2.2.4 The Aligned State

   While in the Aligned state, an LS will perform the Cache State Update
   Protocol as described in Section 2.3.

   Note that an LS may receive a CSUS message while in the Aligned State
   and, the LS MUST respond to the CSUS message with the appropriate CSU
   Request message in a similar fashion to the method previously
   described in Section 2.2.3.

2.3 Cache State Update Protocol

   "Cache State Update" (CSU) messages are used to dynamically update
   the state of cache entries in servers on a given PID/SGID basis. CSU
   messages contain zero or more "Cache State Advertisement" (CSA)
   records each of which contains its own snapshot of the state of a
   particular cache entry.  An LS may send/receive a CSU to/from a DCS

   only when the corresponding CAFSM is in either the Aligned State or
   the Update Cache State.

   There are two types of CSU messages: CSU Requests and CSU Replies.
   See Sections B.2.2 and B.2.3 respectively for message formats.  A CSU
   Request message is sent from an LS to one or more DCSs for one of two
   reasons: either the LS has received a CSUS message and MUST respond
   only to the DCS which originated the CSUS message, or the LS has
   become aware of a change of state of a cache entry.  An LS becomes
   aware of a change of state of a cache entry either through receiving
   a CSU Request from one of its DCSs or as a result of a change of
   state being observed in a cached entry originated by the LS.  In the
   former case, the LS will send a CSU Request to each of its DCSs
   except the DCS from which the LS became aware of the change in state.
   In the latter case, the LS will send a CSU Request to each of its
   DCSs.  The change in state of a particular cache entry is noted in a
   CSA record which is then appended to the end of the CSU Request
   message mandatory part. In this way, state changes are propagated
   throughout the SG.

   Examples of such changes in state are as follows:

       1) a server receives a request from a client to add an entry to
          its cache,
       2) a server receives a request from a client to remove an entry
          from its cache,
       3) a cache entry has timed out in the server's cache, has been
          refreshed in the server's cache, or has been administratively

   When an LS receives a CSU Request from one of its DCSs, the LS
   acknowledges one or more CSA Records which were contained in the CSU
   Request by sending a CSU Reply.  The CSU Reply contains one or more
   CSAS records which correspond to those CSA records which are being
   acknowledged.  Thus, for example, if a CSA record is dropped (or
   delayed in processing) by the LS because there are insufficient
   resources to process it then a corresponding CSAS record is not
   included in the CSU Reply to the DCS.

   Note that an LS may send multiple CSU Request messages before
   receiving a CSU Reply acknowledging any of the CSA Records contained
   in the CSU Requests.  Note also that a CSU Reply may contain
   acknowledgments for CSA Records from multiple CSU Requests.  Thus,
   the terms "request" and "reply" may be a bit confusing.

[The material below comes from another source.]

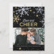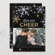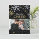 Festive holiday photo card design features sparkling silver and gold snowflakes and "Love and Cheer" wording with custom text and a picture that can be personalised. Snowflake border and script have a textured glitter looking appearance on a black background.
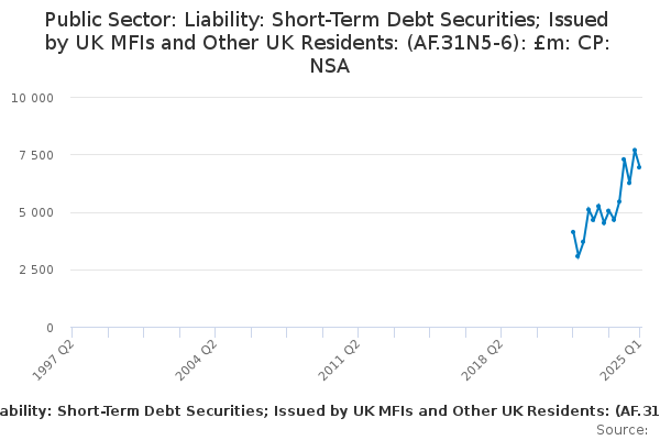 Download this time seriesPublic Sector: Liability: Short-Term Debt Securities; Issued by UK MFIs and Other UK Residents: (AF.31N5-6): £m: CP: NSA

   Note that a CSA Record contains a CSAS Record followed by
   client/server protocol specific information contained in a cache
   entry  (see Section B.2.0.2 for CSAS record format information and

   Section B.2.2.1 for CSA record format information).  When a CSA
   record is considered by the LS to represent cached information which
   is more "up to date" (see Section 2.4) than the cached information
   contained within the cache of the LS then two things happen:  1) the
   LS's cache is updated with the more up to date information, and 2)
   the LS sends a CSU Request containing the CSA Record to each of its
   DCSs except the one from which the CSA Record arrived.  In this way,
   state changes are propagated within the PID/SGID.  Of course, at some
   point, the LS will also acknowledge the reception of the CSA Record
   by sending the appropriate DCS a CSU Reply message containing the
   corresponding CSAS Record.

   When an LS sends a new CSU Request, the LS keeps track of the
   outstanding CSA records in that CSU Request and to which DCSs the LS
   sent the CSU Request.  For each DCS to which the CSU Request was
   sent, a timer set to CSUReXmtInterval seconds is started just prior
   to sending the CSU Request.  This timer is associated with the CSA
   Records contained in that CSU Request such that if that timer expires
   prior to having all CSA Records acknowledged from that DCS then (and
   only then) a CSU Request is re-sent by the LS to that DCS.  However,
   the re-sent CSU Request only contains those CSA Records which have
   not yet been acknowledged.  If all CSA Records associated with a
   timer becomes acknowledged then the timer is stopped. Note that the
   re-sent CSA Records follow the same time-out and retransmit rules as
   if they were new.  Retransmission will occur a configured number of
   times for a given CSA Record and if acknowledgment fails to occur
   then an "abnormal event" has occurred at which point the then the
   HFSM associated with the DCS is transitioned to the Waiting State.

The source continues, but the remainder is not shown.